→ What to produce: Print, word for word, the opening line of the data below and every line after it through the line that contains "Please Note: Once", but not the pictures.

Records from a data collection
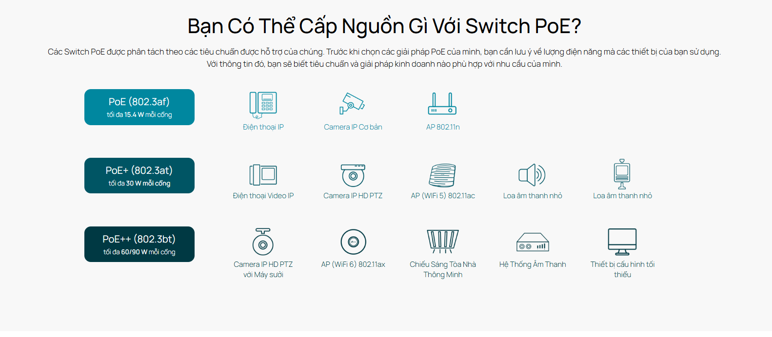 Sử dụng PoE hiệu quả: Đảm bảo rằng bạn chỉ cấp nguồn cho các thiết bị cần thiết, vì PoE tiêu tốn năng lượng và có thể ảnh hưởng đến hiệu suất tổng thể của switch.
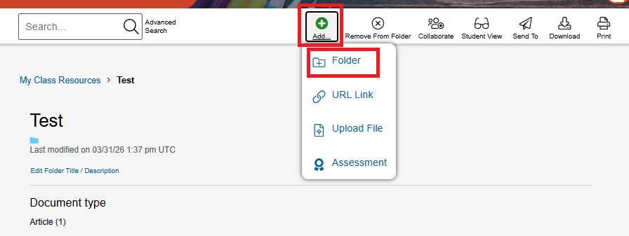 Please Note: Once you start customizing the article, you maybe prompted to save it to the Class Resources within a folder first. Click Add in the navigation menu and then click Folder. Once you complete this step, you will be able to continue customizing.
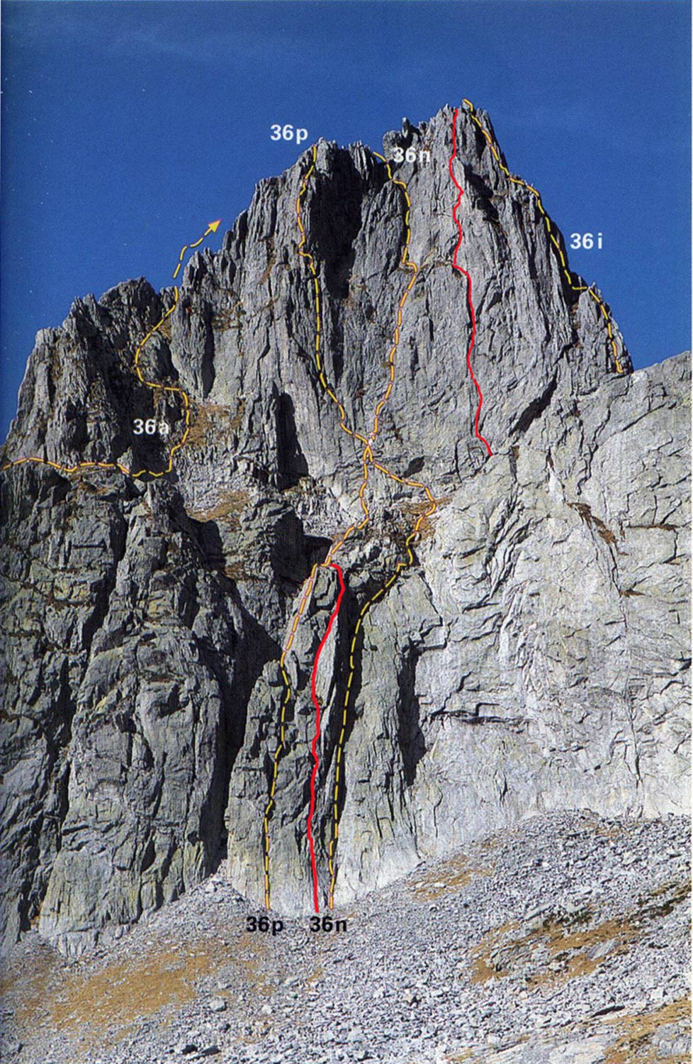 Bello che, nelle conosciutissime Alpi, esistessero ancora delle catene-gruppi quasi allo stato selvaggio. Lì così era negli ’80, a giudicare dai racconti e dall’assenza di ripetizioni fra le prime ascensioni (dei ’30 al più tardi, spesso anche prima) e le ripetizioni citate. Chissà se la wilderness dei luoghi è rimasta tale? L’esistenza di vie nuove (cioè successiva a queste giornata) viene qua e là citata, ma il punto è se la cosa sia “degenerata” o no…
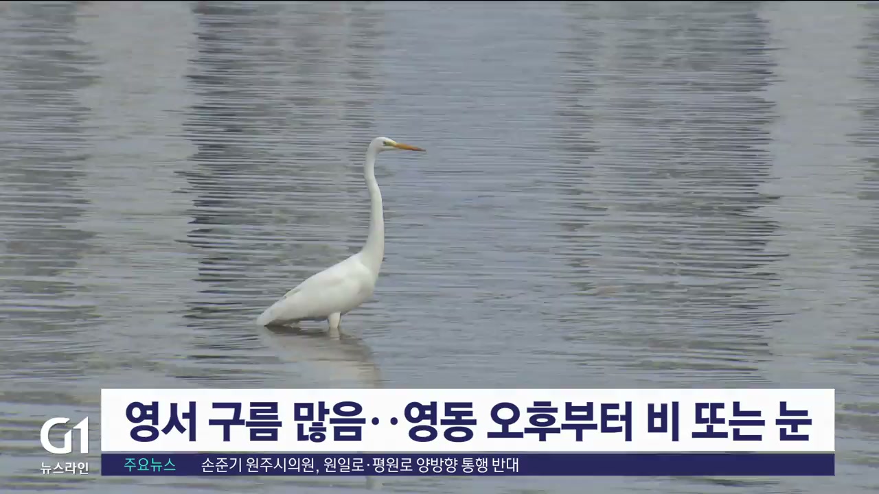 오늘 영서지역은 대체로 구름이 많이 끼겠고, 영동지역은 오후부터 비나 눈이 내리는 곳이 있겠습니다.
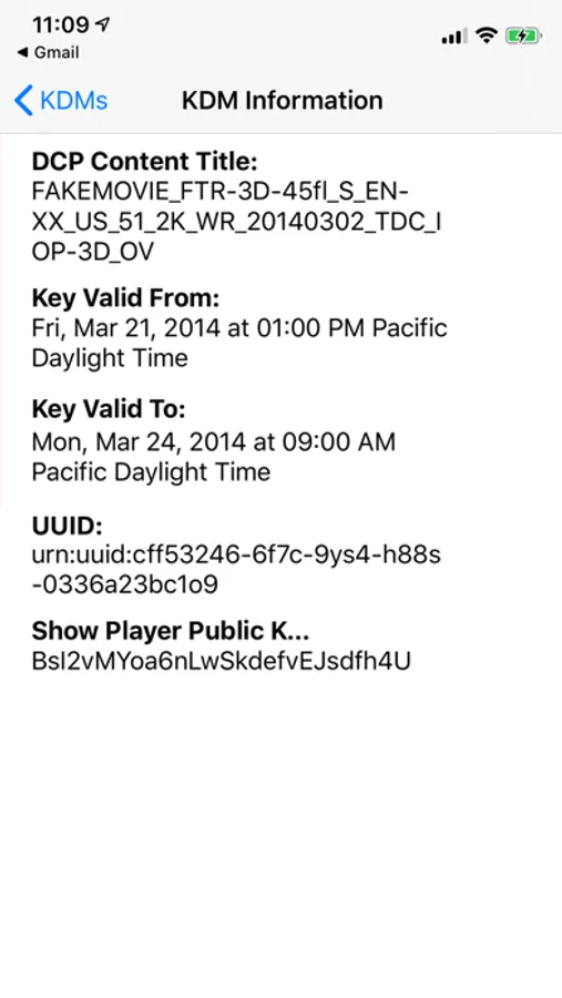 KDM Inspector is a useful utility app for projectionists, theater technicians, post production facilities, and anyone who works with Digital Cinema Packages (DCPs) and KDM encryption keys. KDM Inspector allows you to quickly open a KDM key that has been emailed to you right from your iOS device and immediately see useful information such as: Content Title, Key Active Time, Key Expiration Time, Show Player Public Key and UUID. KDM Inspector can open a key that has been emailed to you as a .xml file or multiple keys that have been emailed to you as a .zip file.
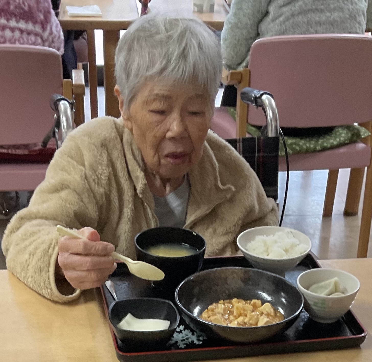 麻婆豆腐、水餃子、卵スープ デザートには杏仁豆腐

→ Your response:
 Sử dụng PoE hiệu quả: Đảm bảo rằng bạn chỉ cấp nguồn cho các thiết bị cần thiết, vì PoE tiêu tốn năng lượng và có thể ảnh hưởng đến hiệu suất tổng thể của switch.
 Please Note: Once you start customizing the article, you maybe prompted to save it to the Class Resources within a folder first. Click Add in the navigation menu and then click Folder. Once you complete this step, you will be able to continue customizing.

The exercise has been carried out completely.